== Source data ==

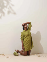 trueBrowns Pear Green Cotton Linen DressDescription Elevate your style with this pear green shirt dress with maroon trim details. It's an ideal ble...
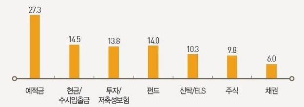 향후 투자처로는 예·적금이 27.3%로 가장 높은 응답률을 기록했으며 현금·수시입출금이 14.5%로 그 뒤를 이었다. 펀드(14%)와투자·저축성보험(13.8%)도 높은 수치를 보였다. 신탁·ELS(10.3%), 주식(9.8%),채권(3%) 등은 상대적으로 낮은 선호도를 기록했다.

===
== Source data ==

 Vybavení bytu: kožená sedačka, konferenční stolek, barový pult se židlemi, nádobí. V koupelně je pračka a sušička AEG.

===

§ **What the task asks**
Retype, exactly and with no pictures, everything above from the line with "trueBrowns Pear Green" down to the line with "향후 투자처로는 예·적금이", both included.

§ **Your solution**
 trueBrowns Pear Green Cotton Linen DressDescription Elevate your style with this pear green shirt dress with maroon trim details. It's an ideal ble...
 향후 투자처로는 예·적금이 27.3%로 가장 높은 응답률을 기록했으며 현금·수시입출금이 14.5%로 그 뒤를 이었다. 펀드(14%)와투자·저축성보험(13.8%)도 높은 수치를 보였다. 신탁·ELS(10.3%), 주식(9.8%),채권(3%) 등은 상대적으로 낮은 선호도를 기록했다.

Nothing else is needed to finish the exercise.